Print, exactly as they stand, the lines below from the one that has "Multiple Hand Tools" to the one that has "2. 아이폰 연락처에 양력 기념일 추가하기", inclusive, leaving out the pictures.

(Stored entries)
=-=-=-=-=
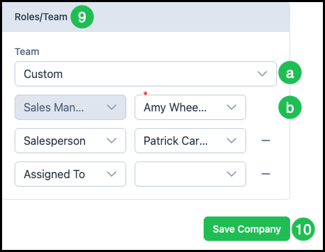 a. If you select Custom Teams, you can add employees to Roles from this screen. If you choose a preselected Team, the Roles and employees will be auto-filled which cannot be edited at the company level.
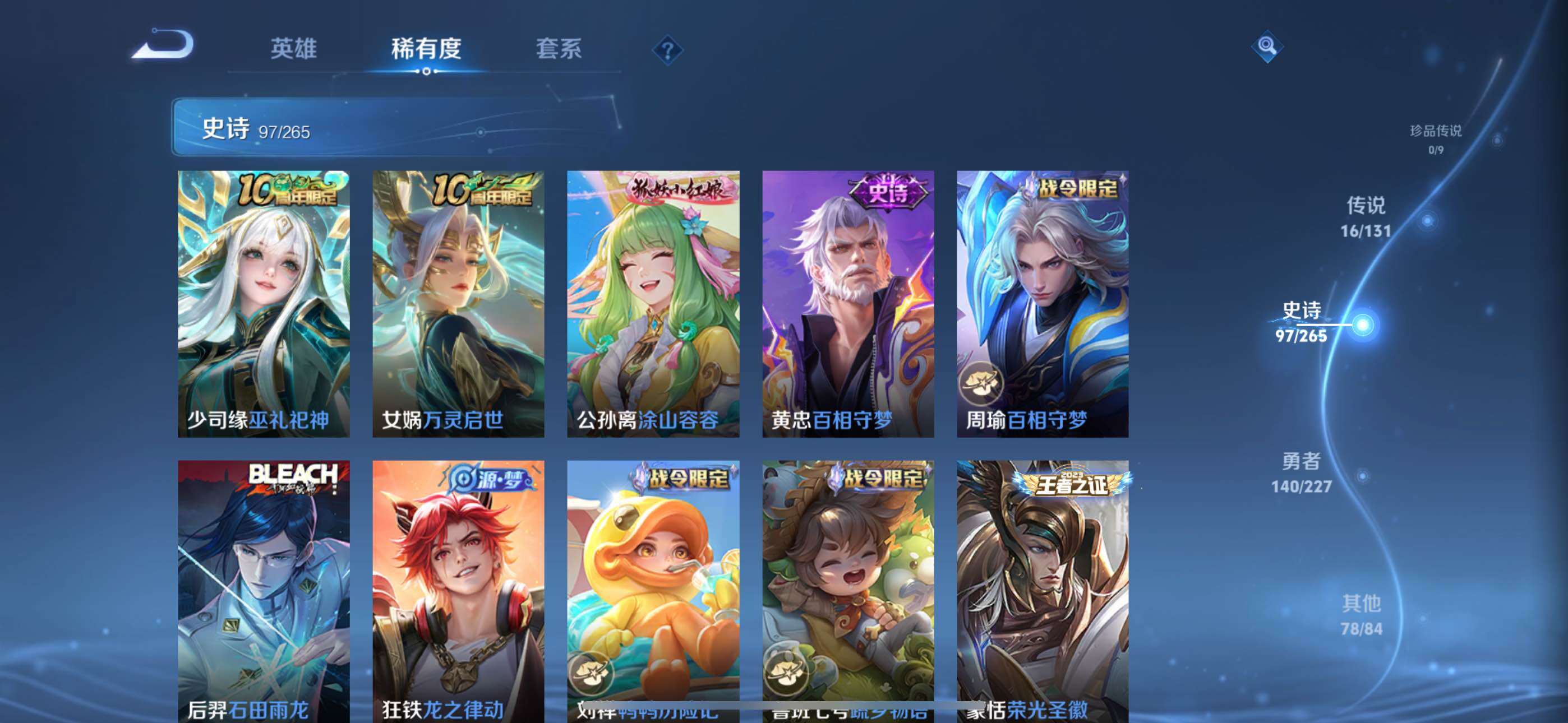 - PX_2113914-实名: 可修改 贵族等级: V7 英雄数: 123 皮肤数: 185 珍品传说: 黑崎一护 传说皮: 黄金狮子座,一念神魔,云霓雀翎,末日机甲-孙尚香,地狱火,超时空战士-狄仁杰,大乔-时之奇旅,祥瑞亨通 限定皮: 李小龙,孙行者,五谷丰年,山海·玄木吟,鸣野蒿,陌上桑,逐霄战戟,愿照·千秋盛,愿照·山河定,愿照·九州拓
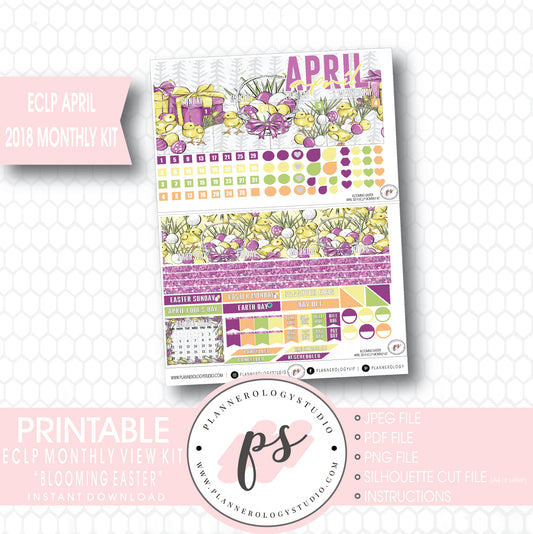 Blooming Easter April 2018 Monthly View Kit Digital Printable Planner Stickers (for Standard A5 Wide Monthly 1.6" Width Date Boxes)
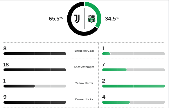 เคนาน ยิลดิซ ผลิตสกอร์ขึ้นนำนาที 14 จากนั้น ยูเวนตุส มีโอกาสทิ้งห่างทำไม่ได้ จนต้นครึ่งหลังโดน อันเดรีย ปินามอนติ ยิงคืน และแม้ช่วงท้ายได้จุดโทษแต่ มานูเอล โลคาเตลลี่ สังหารติดเซฟ ทำได้แค่เปิดบ้านเสมอ ซาสซูโอโล่ 1-1 พลาดโอกาสแซง โคโม่ ขึ้นท็อปโฟร์ เซเรีย อา
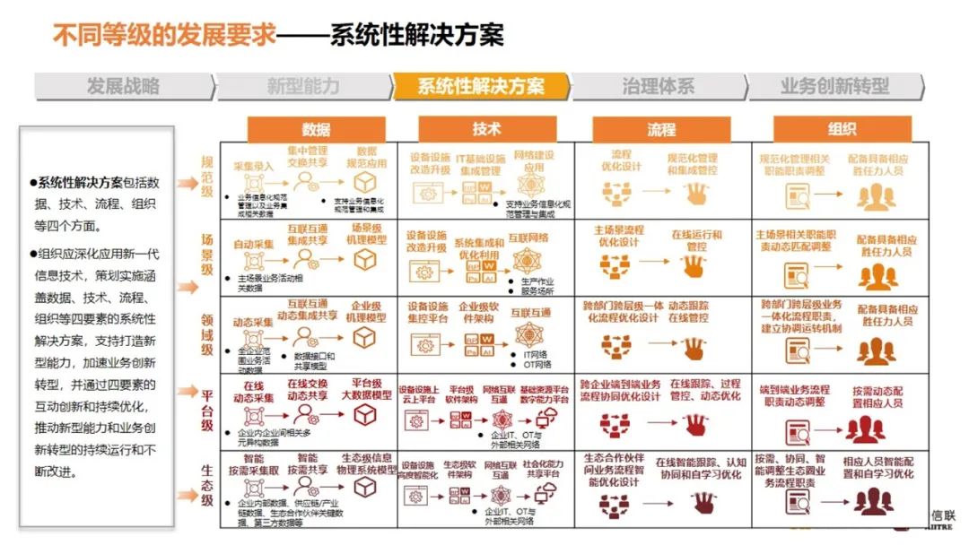 在解决方案层面,不同的级别要求差距也非常大,规范级更多的是数据收集,技术层面是做设备的基础数字化改造。流程层面就是按照规范化规则做流程设计,流程优化,组织调整。到了场景级就不是这样了,场景级和规范级最大区别是,在主场景范围内要求它能够实现数据全面自动采集,技术层面设备设施等都要打通,支持数采和实施数字化控制双向流程,主场景系统性设计,支持一定程度的模型驱动,流程驱动,场景相关组织也要根据流程做动态匹配。领域级就是全数字企业,一定是企业数字底层全通的,自动采集,自动处理,对上层应用支持迭代,如果数据层面支持不了,其他都是空谈,所以底层一定要有很强大的数据能力,而且是统一的。
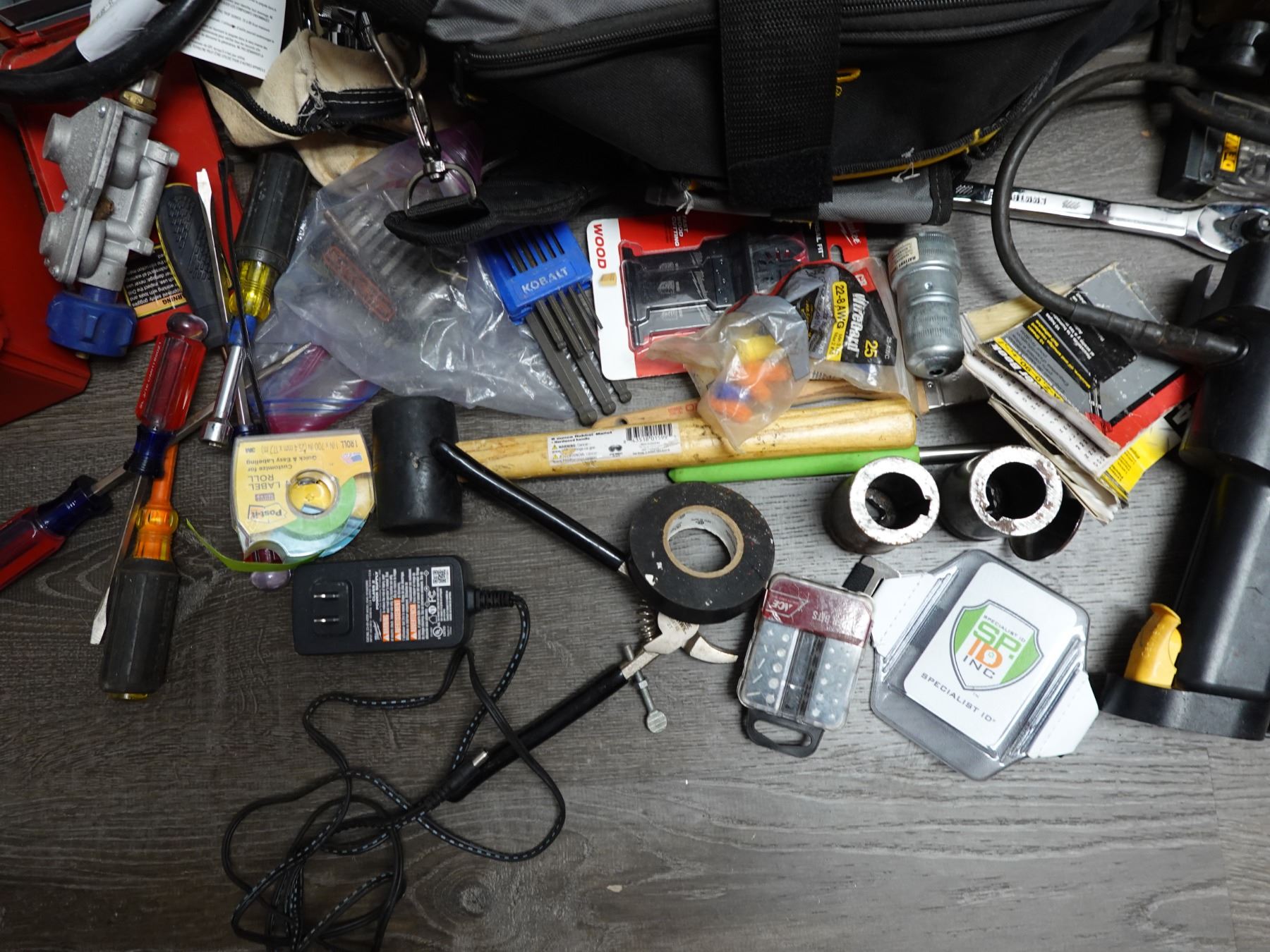 Multiple Hand Tools & Bags: Drivers, Hoses, Bits, Tape, Ratchets, Sockets, etc
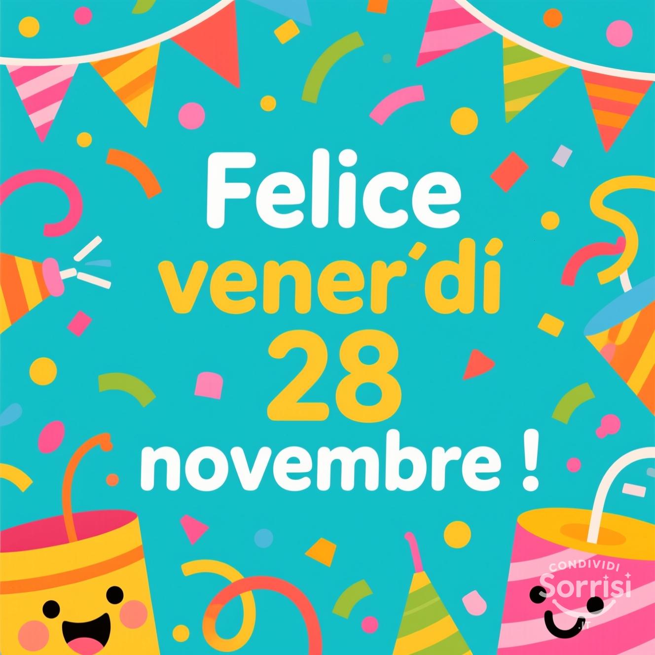 Felice Venerdì 28 Novembre! Immagine colorata e divertente per il venerdì. Auguri e festa con elementi grafici allegri. Ottimizzato per #venerdì #novembre #buonweekend #festa
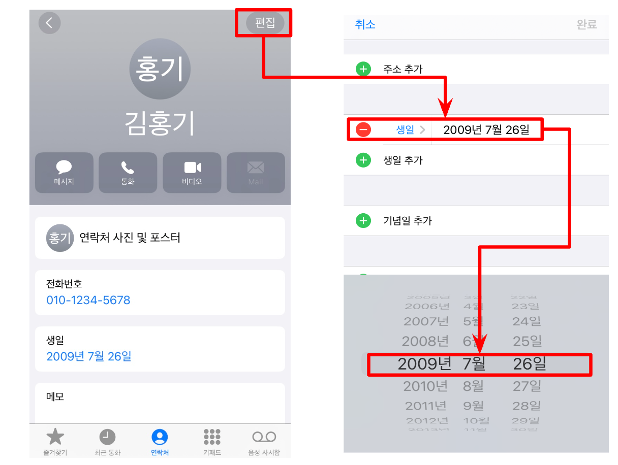 2. 아이폰 연락처에 양력 기념일 추가하기
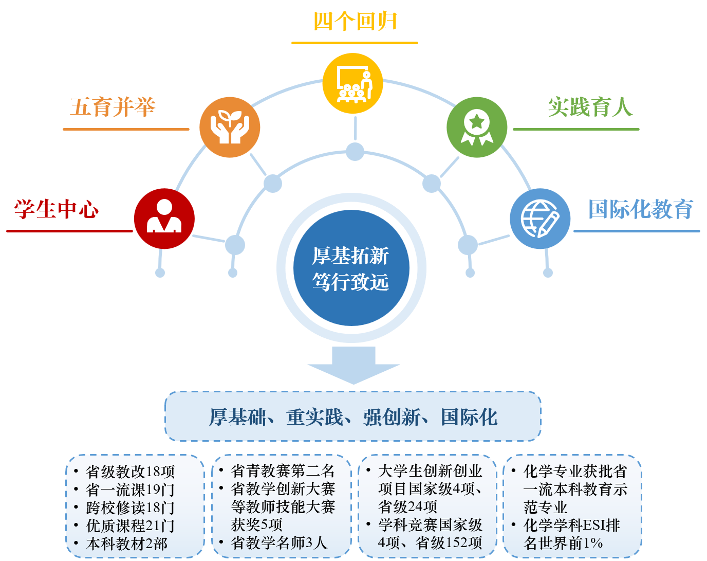 在教育教学改革进程中,学院秉持“学生中心、产出导向、持续改进”理念,积极优化课程体系、创新教学模式、改革考核方式、强化实践育人,成果丰硕。化学专业获批省级一流本科教育示范专业,化学学科ESI排名进入世界前1%。近三年,学院获批省级教学改革项目18项,获评省级一流课程19门,跨校修读课程18门,优质课程21门,公开出版本科生教材2部,连续两届获得全国青年教师技能大赛辽宁赛区第二名,获全国高校教师教学创新大赛等各类教师技能大赛辽宁省一等奖1项,二等奖1项,三等奖3项,省级教学名师3人。学生参与4项国家级、24项省级大学生创新创业训练计划项目,入选2项全国大学生创新创业年会项目,获4项国家级、152项省级竞赛奖项。毕业生升学率逐年上升,就业率稳定在94%以上,稳居学校前列。
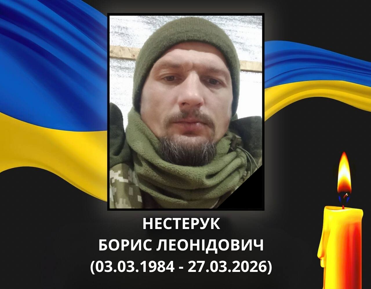 На фронті загинув ковельчанин Борис Нестерук. Свій останній бій воїн прийняв 27 березня 2026 року під час виконання бойового завдання з оборони села Світле Покровського району Донецької області.
=-=-=-=-=
## Answer to this problem
 Multiple Hand Tools & Bags: Drivers, Hoses, Bits, Tape, Ratchets, Sockets, etc
 Felice Venerdì 28 Novembre! Immagine colorata e divertente per il venerdì. Auguri e festa con elementi grafici allegri. Ottimizzato per #venerdì #novembre #buonweekend #festa
 2. 아이폰 연락처에 양력 기념일 추가하기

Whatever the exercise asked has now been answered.